The film is drawn from the Aubrey–Maturin novels by Patrick O'Brian, but matches the events in no one novel. The author drew from real events in the Napoleonic Wars, as he describes in the introduction to the first novel, Master and Commander. Many have speculated as to which Royal Navy captain matches the fictional character most. The Royal Navy Museum considers Captain Lord Cochrane as the inspiration for the character in the first novel, Master and Commander. No specific real life captain completely matches Aubrey, but the exploits of two naval captains inspired events in the novels, Captain Thomas Cochrane, and Captain William Woolsey. Cochrane used the ruse of placing a light on a floating barrel at night to avoid capture. Woolsey, aboard HMS Papillon, disguised a ship under his command as a commercial boat; on discovering information that a rogue ship was on the other side of a small island, he sailed around the island and captured the Spanish ship by stratagem, on April 15, 1805.

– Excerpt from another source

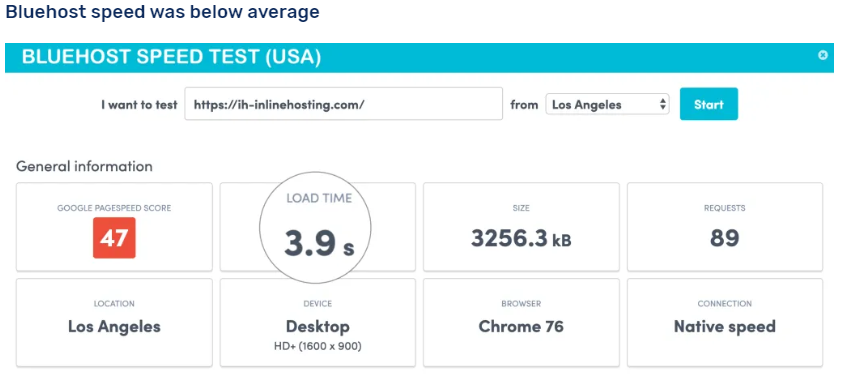 A speed test by actually hosting an identical web page with the same theme, content and size on both HostGator and Bluehost. We calculated its load time from the USA. Here are the test results.
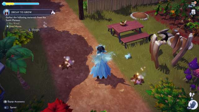 ディズニードリームライトバレーの太陽に照らされた高原から材料を集める

The film combines elements from 3 different novels of Patrick O'Brian, but the basic plot mostly comes from his tenth novel The Far Side of the World. However, in the film version, the action takes place in 1805, during the Napoleonic wars, instead of 1812 during the War of 1812, as the producers wished to avoid offending American audiences. In consequence, the fictional opponent was changed from USS Norfolk to the French privateer frigate Acheron. Acheron in the film was reconstructed by the film's special-effects team who took stem-to-stern digital scans of USS Constitution at her berth in Boston, from which the computer model of Acheron was rendered. The film excludes scenes in ports, and, besides Brazilian women in a single scene, the novels' female characters were not adapted.

The episode in which Aubrey deceives the enemy by means of a raft bearing lanterns is taken from Master and Commander, while the episode in which Maturin directs surgery on himself, while gritting his teeth in pain, to remove a bullet is taken from HMS Surprise. The stern chase around Cape Horn is taken from the novel Desolation Island, although Acheron replaced the Dutch 74-gun warship Waakzaamheid, Surprise replaced Leopard, and in the book it is Aubrey who is being pursued around the Cape of Good Hope.

Development
20th Century Fox executive Tom Rothman had wished to adapt O'Brian's novels since first reading them, recognizing the potential for a film franchise. Becoming CEO, he recruited director Peter Weir to helm the project.

Filming

Great efforts were made to reproduce the authentic look and feel of life aboard an early nineteenth-century man-of-war. In addition to 2,000 hats and 1,900 pairs of shoes, some 400 pounds of hair were used on actors.

However, only ten days of the filming took place at sea aboard Rose (a reproduction of the 18th-century post ship HMS Rose). Other scenes were shot on a full-scale replica mounted on gimbals in a nearly 20-million-gallon tank at Baja Studios in Mexico, built for the filming of Titanic (1997).

There was a third HMS Surprise which was a scale model built by Weta Workshop. A storm sequence was enhanced using digitally composited footage of waves shot on board a modern replica of Cook's Endeavour rounding Cape Horn. All of the actors were given a thorough grounding in the naval life of the period in order to make their performances as authentic as possible. The ship's boats used in the film were Russian Naval six- and four-oared yawls supplied by Central Coast Charters and Boat Base Monterey. Their faithful 18th-century appearance complemented the historical accuracy of the rebuilt "Rose," whose own boat, the "Thorn", could be used only in the Brazilian scene.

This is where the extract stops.